Word for word, set down the records and skip each picture.

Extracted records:
# # # # #
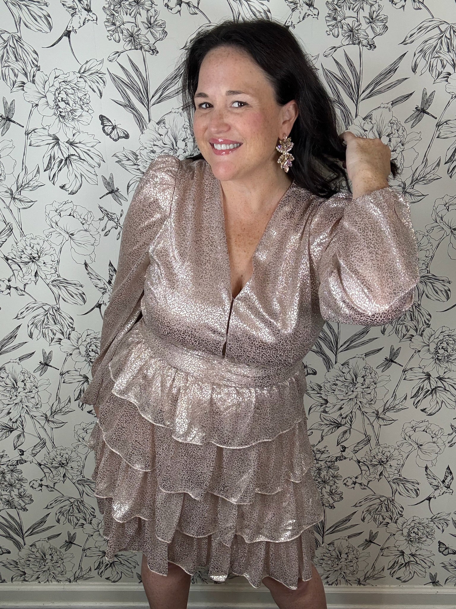 The Golden Rose Mini Dress from the Fireside Holiday Edit features long sleeves with a subtle puff at the shoulders, a flattering V-neckline, and a belted waist that highlights your figure. Its tiered skirt adds a flirty touch, making it perfect for a festive Fall wedding or a lively Holiday party.
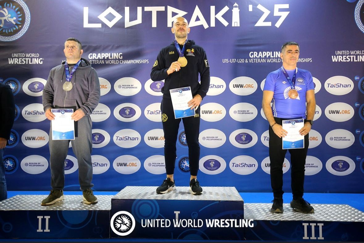 Le 03 Novembre 2025, notre head coach Pierre-Yves FERRER est parti à LOUTRAKI en Grèce afin de disputer les Championnats du monde de Grappling Vétéran UWW.
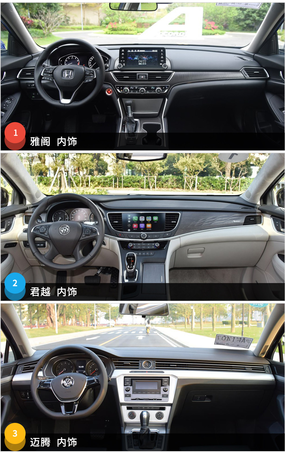 第十代雅阁内饰依然依旧熟悉的本田风格,黑色搭深色木纹的风格简单明了,另外这次雅阁还推出了红色内饰,看起来更加突出运动感。相比起雅阁的运动,君越则显得豪华许多,手碰到的基本都是软性材质,向中控台下层这样腿会磕碰到的位置,还贴心的加入了皮革。迈腾的内饰整体的豪华感也很强,做进去的氛围很有质感,车内的木纹装饰用的面积不大,但却很好地提升了车内整体氛围,再加上内饰氛围灯做得相当的棒,柔和不刺眼。
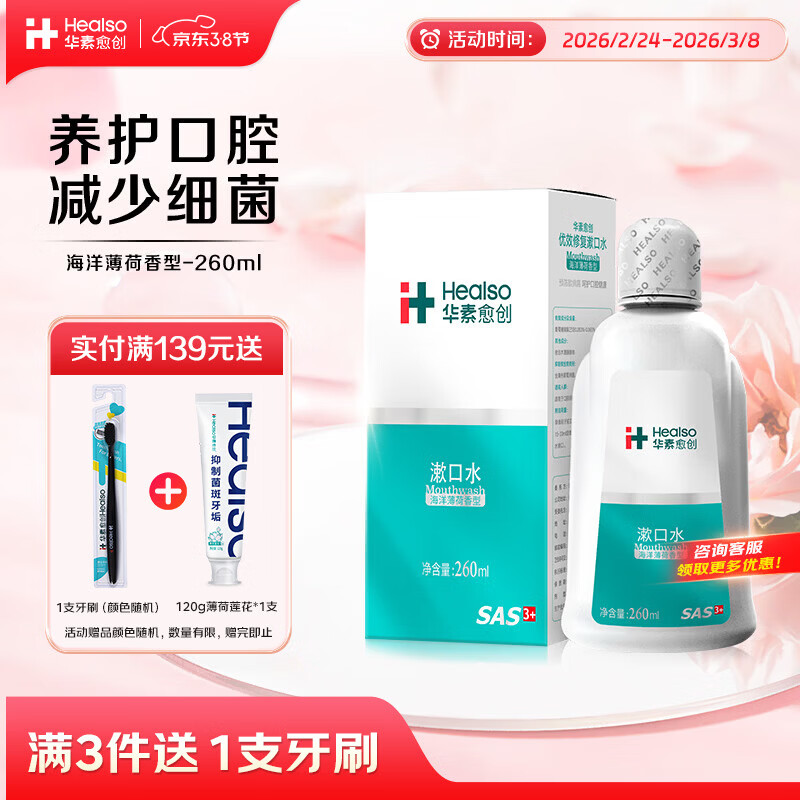 华素愈创 漱口水便携 抑菌清新口气去异味 优效修护含漱液 海洋薄荷260ml
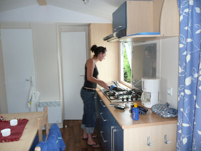 24 m2 de surface nombre de chambres : 2 1 Chambre avec 1 Lit double 1 Chambre avec 2 Lits simples 1 S?jour avec 1 Canap? lit Kitchenette ?quip?e nombre de salles de douche : 1 nombre de WC s?par?s : 1 Terrasse Plaques gaz Micro-ondes R?frig?rateur Vaisselle et ustensiles de cuisine inclus Chaise longue Salon de jardin
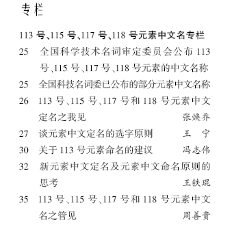 全国科技名词委主办的专业期刊《中国科技术语》分别在2016年第六期和2017年第二期,以专栏形式对四个元素定名背景、定名过程、专家意见等给予详细论述。专栏稿件汇集了张焕乔、王宁、冯志伟、王铁琨、周善贵、王颖霞、才磊等众多专家的研究成果,全面向读者介绍了此次新元素中文定名工作的来龙去脉。
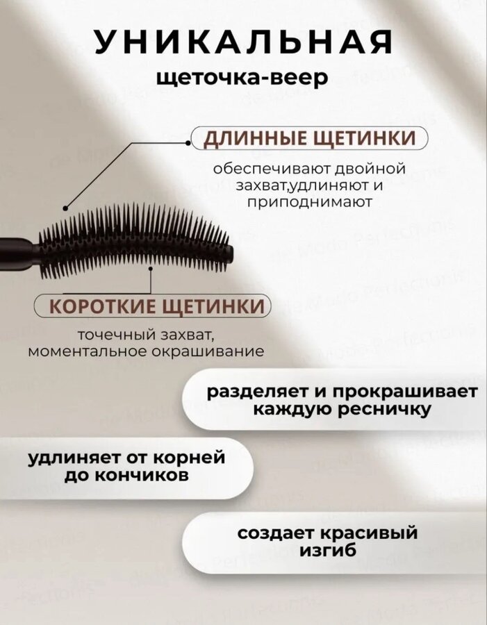 Веерообразная щеточка с разной длиной щетинок равномерно прокрашивает и разделяет ресницы.
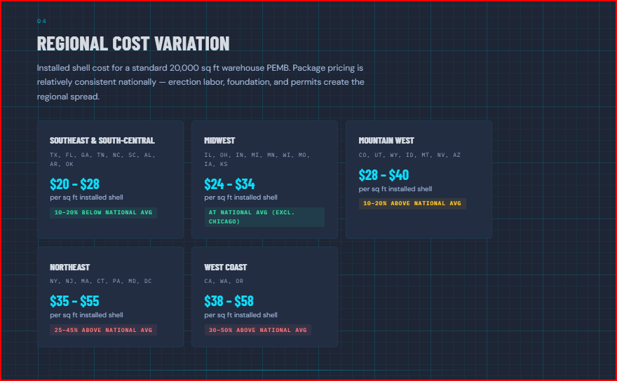 Like all commercial construction, PEMB costs vary significantly by geography. The building package price from the manufacturer is relatively consistent nationally (adjusted for shipping distance from the fabrication plant), but erection labor, foundation costs, permit fees, and local code requirements create meaningful regional cost differences in the total installed project.
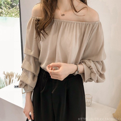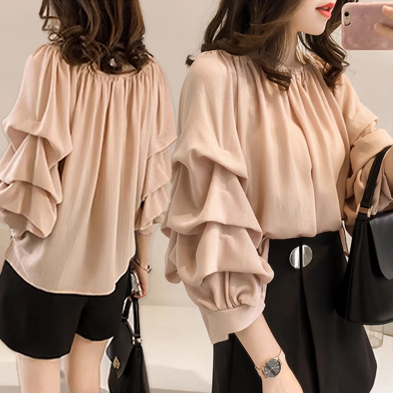 Plus Size M-4XL Chiffon Puff Long Sleeve Blouse Women Ruffle Korean Style Plain Casual Loose Round Neck Fashion Formal Office Woman Ladies Elegant Shirt Top Pink Blue Apricot
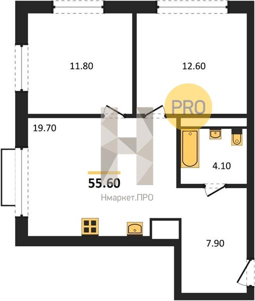 | Общая площадь: | 55.60 м2 |
# # # # #
__OUTPUT BELOW__
 The Golden Rose Mini Dress from the Fireside Holiday Edit features long sleeves with a subtle puff at the shoulders, a flattering V-neckline, and a belted waist that highlights your figure. Its tiered skirt adds a flirty touch, making it perfect for a festive Fall wedding or a lively Holiday party.
 Le 03 Novembre 2025, notre head coach Pierre-Yves FERRER est parti à LOUTRAKI en Grèce afin de disputer les Championnats du monde de Grappling Vétéran UWW.
 第十代雅阁内饰依然依旧熟悉的本田风格,黑色搭深色木纹的风格简单明了,另外这次雅阁还推出了红色内饰,看起来更加突出运动感。相比起雅阁的运动,君越则显得豪华许多,手碰到的基本都是软性材质,向中控台下层这样腿会磕碰到的位置,还贴心的加入了皮革。迈腾的内饰整体的豪华感也很强,做进去的氛围很有质感,车内的木纹装饰用的面积不大,但却很好地提升了车内整体氛围,再加上内饰氛围灯做得相当的棒,柔和不刺眼。
 华素愈创 漱口水便携 抑菌清新口气去异味 优效修护含漱液 海洋薄荷260ml
 24 m2 de surface nombre de chambres : 2 1 Chambre avec 1 Lit double 1 Chambre avec 2 Lits simples 1 S?jour avec 1 Canap? lit Kitchenette ?quip?e nombre de salles de douche : 1 nombre de WC s?par?s : 1 Terrasse Plaques gaz Micro-ondes R?frig?rateur Vaisselle et ustensiles de cuisine inclus Chaise longue Salon de jardin
 全国科技名词委主办的专业期刊《中国科技术语》分别在2016年第六期和2017年第二期,以专栏形式对四个元素定名背景、定名过程、专家意见等给予详细论述。专栏稿件汇集了张焕乔、王宁、冯志伟、王铁琨、周善贵、王颖霞、才磊等众多专家的研究成果,全面向读者介绍了此次新元素中文定名工作的来龙去脉。
 Веерообразная щеточка с разной длиной щетинок равномерно прокрашивает и разделяет ресницы.
 Like all commercial construction, PEMB costs vary significantly by geography. The building package price from the manufacturer is relatively consistent nationally (adjusted for shipping distance from the fabrication plant), but erection labor, foundation costs, permit fees, and local code requirements create meaningful regional cost differences in the total installed project.
 Plus Size M-4XL Chiffon Puff Long Sleeve Blouse Women Ruffle Korean Style Plain Casual Loose Round Neck Fashion Formal Office Woman Ladies Elegant Shirt Top Pink Blue Apricot
 | Общая площадь: | 55.60 м2 |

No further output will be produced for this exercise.